Wednesday, February 06, 2008

Ash Wednesday
Through the Doorway

Readings: Joel 2:12-18; Psalm 51:3-4, 5-6ab, 12-13, 14 and 17; 2 Corinthians 5:20—6:2; Matthew 6:1-6, 16-18

Some time ago, I took a series of psychological tests. In one of these tests I was presented with several pictures in black and white and asked to write a short story about each of them. Today I’m reminded especially of one of those pictures. See if you can imagine it as I describe it to you. The whole background of the picture is dark, except for what looks like a doorway that is lit. And, entering through this doorway is the figure of a person, someone who looks to be passing out of the darkness and into the light. As we begin our great season of Lent with this celebration of Ash Wednesday, I wonder if this same picture might not help us to write a story about the meaning of our celebration. As you know, most stories have a beginning, a middle and an end. Perhaps our Lenten story will be the same.
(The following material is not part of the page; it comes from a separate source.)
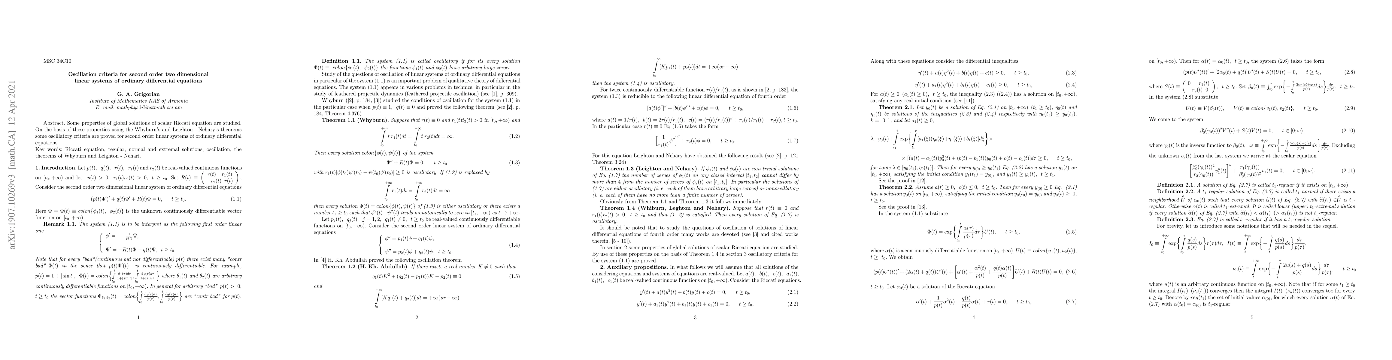 This paper explores global solution properties of the scalar Riccati equation and utilizes Whiburn's and Leighton-Nehary's theorems to establish oscillation criteria for second-order, two-dimensional linear systems of ordinary differential equations. The findings provide new insights into the oscillatory behavior of these systems.
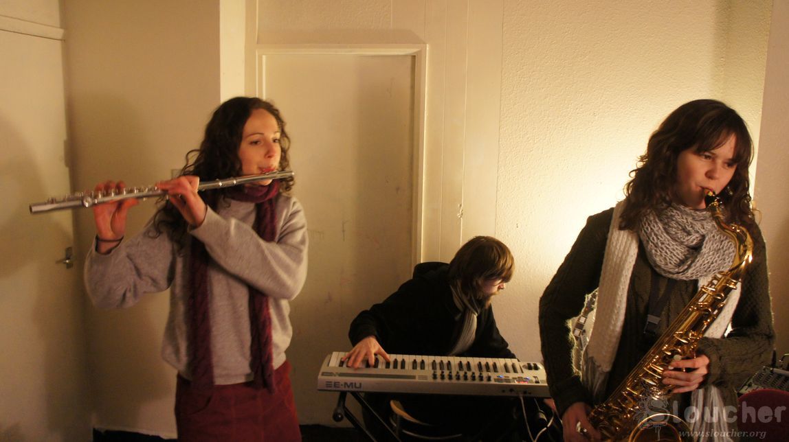 It’s the Legend of 7 Black Tentacles and a small discussion about one of them being called a “BFF” in a previous interview for this website rages on. I am reminded this is off the record. I think it’s a joke, but I then see a laser sight on my chest. So it goes. They are Ben (cello), Hannah (sax), Sarah (vocals/flute), Gordon (keys/samples/field recordings), Andrew (MC) and Tim  (drums).

Our story begins with our presence here today. We have come here for Mass and, shortly, we will have ashes imposed on our foreheads. This is how Lent begins. It begins with God’s people performing certain right actions. These actions include the three traditional practices that we heard Jesus talk about in the gospel: prayer and fasting and almsgiving. And, as we know, there are different ways of performing these actions. We can, for example, pray in many different ways: with the rosary or with scripture, in song or in silence, accompanied or alone. There is also a wide variety of ways in which to fast and to give alms. We can curb our appetites for food or for entertainment, just as we can give of our money or our time and attention. The important thing is that we do these actions in ways that enable us to renew our relationships to God, to ourselves and to one another.

Which brings us to the middle of our Lenten story. As Jesus reminds us in the gospel today, it is possible to do all the right actions for all the wrong reasons. Having begun our Lenten story with right actions, we need now to move on to an appropriate middle. Right actions must be motivated by the right intention. As we heard in the first reading: rend your hearts and not your garments… In order for our Lenten discipline to bear the desired fruit, we need to have broken hearts. And the readings also tell us how. Not only do they remind us of our deep need for God – why should they say among the peoples, ‘Where is their God?’ – but they also convict us of our sinfulness – against you only have I sinned… And, most importantly, they remind us too of the full extent of God’s mercy toward us, his wayward children: for our sake (God) made him to be sin who did not know sin, so that we might become the righteousness of God in him…

Moved by these considerations of God’s love in the face of our own sinfulness, we hope that our prayer and fasting and almsgiving will help us write a fitting ending to our story. We hope that, motivated by the right intention, our right actions will ultimately lead us to the right destination. As our opening prayer expressed it so well, we are hoping that God will bestow sight to the darkness of sinful eyes so that, with hearts broken by contrition, we can see more clearly the way to the place we wish to go. What is this destination? What is this happy ending? We heard it described in the second reading, in Paul’s words of exhortation: we implore you… to be reconciled with God… For now is the day of salvation.

Right actions, the right motivation and the right destination: collectively, might these not provide us with a possible format for writing our own Lenten story? In addition, there is yet another consideration that might help us. Recalling the picture with which we began, perhaps we might see that Lent is not just a question of our walking out of darkness and into the light, but also of our opening the doors of our hearts and our lives, so that the God of Light might enter and illumine our darkness. Isn’t this the reason why God made him to be sin who did not know sin?

How do you intend to write your Lenten story today?